Cut Ultra-Processed Foods, Double Your Weight Loss?
- Beth Kitchin PhD RDN 
- Aug 17
- 3 min read
Updated: Aug 17

This was just one of many headlines that hit the health news last week. Here's the CNN Headline: Eating Minimally Processed Meals Doubles Weight Loss Even When Ultra-processed Foods are Healthy, Study Finds
Doubling? That sounds Amazing! Huge! We should ban UPF’s and everyone will lose weight! But wait a minute. What does doubling the weight loss mean? This “doubling” is deceptive. Over the course of the 8-week study, the people on the minimally processed diet lost 2% of their body weight. The people on the healthy ultra-processed diet lost 1% of their body weight. So, let’s say the average weight going into the study was 200 pounds. That’s 4 versus 2 pounds. 4% is double 2%. So, it’s technically accurate but it’s leaving out the true meaning.
As with many click-bait headlines, you must read the whole article to, maybe, get the whole truth. The rest of the article from CNN does a good job of laying out all the details and nuances of this study. But you’ve got to read past the headline.
If you read several paragraphs into this CNN headline, you’ll get a clearer picture of the whole truth: The weight loss from minimally processed food in the new study was modest — only 2% of the person’s baseline weight, said study first author Samuel Dicken, a research fellow at the department of behavioral science and health and the Centre for Obesity Research at University College London.

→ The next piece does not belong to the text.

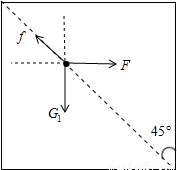 根据三力平衡特点,F与G1的合力必沿斜面向下,同时摩擦力f 只能沿斜面向上,故选项A对BC错;根据几何关系,F与G1的合力F合=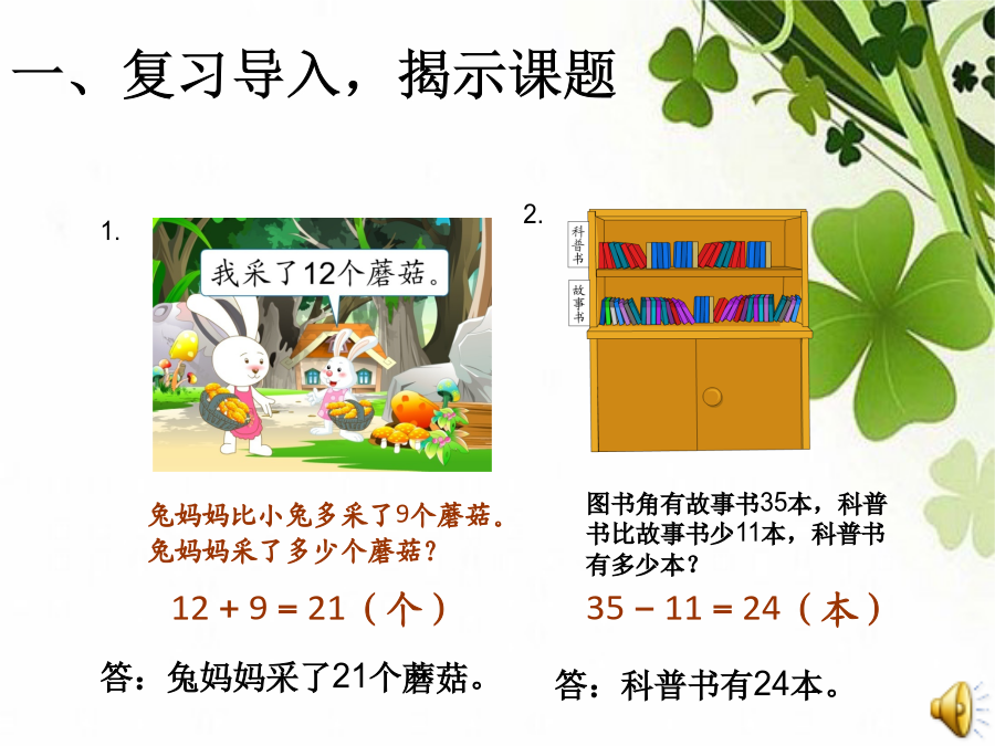 人教版二年级数学上册第二单元一、复习导入,揭示课题手工社团象棋社团书法社团舞蹈社团小记者社团戏曲社团口语交际社团绘画社团绘画社团我们绘画社团有14名女生,男生比女生少5人。要解决两个问题。 第一个是男生有多 少人,第二个是绘画社团一共有 多少人。要求男生的人数,就是求比14少5的数是多少,用减法计算。1、书法社团有男生15人,女生比男生多8人。女生有多少人?书法社团一共有多少人?绘画社团有14名女生,男生比女生少5人。男生有多少人?绘画社团一共有多少人?绿色圃中小学教育网http://www.Lspjy.com绿色圃中小学教育网http://www.Lspjy.com绿色圃中小学教育网http://www.Lspjy.com你学会了什么?作业:练习六,第1~4题。

But let’s give credit where credit is due. This was a well-designed study – a randomized controlled trial. It’s a much stronger design than what you typically see in nutrition research. And, the study was short – just 8 weeks. So that minor differences in actual weight loss could be higher and more meaningful over time. Both diets had to follow the UK’s Eatwell Guide. The people in the study were given meals and snacks over the course of the study.
One of the most interesting findings is that the people on the healthy ultra-processed diet didn’t gain weight – and in fact lost some. They ate 120 fewer calories a day, thus losing a small amount of weight. People on the minimally processed diet, however, ate 290 fewer calories a day, thus losing even more weight and some body fat as well.
What I Can Honestly Tell You About Ultra-Processed Foods:
The Classification System is Faulty
o Foods are classified solely based on their level of processing.
o Nutrient Content is not considered.
o So, foods like whole grain commercial breads and vanilla yogurt are classified as UPF’s.
o We do not have a clear, understandable definition of UPF’s.
o Some UPF’s are high in key nutrients like fiber, vitamins, and minerals. UPF’s are Convenient
o Convenience is a major factor in many people’s food choices.
UPF’s Taste Good
o   They’re high in fat, sugar, salt, and low in fiber, so they are tasty! You remember that old potato chip slogan? You Can't Eat Just One! 
People are More Likely to Overeat UPF’s
o One study (a well-done, tightly controlled study) showed that when given a diet high in UPF’s, people ate 500 calories a day more than people on a minimally processed diet.
The Bottom Line? Reducing UPF’s is a good idea and good for your health. But, I recommend choosing foods based on their nutrient profile and quality rather than level of processing. We'll talk about what some of those key nutrients are in the coming weeks!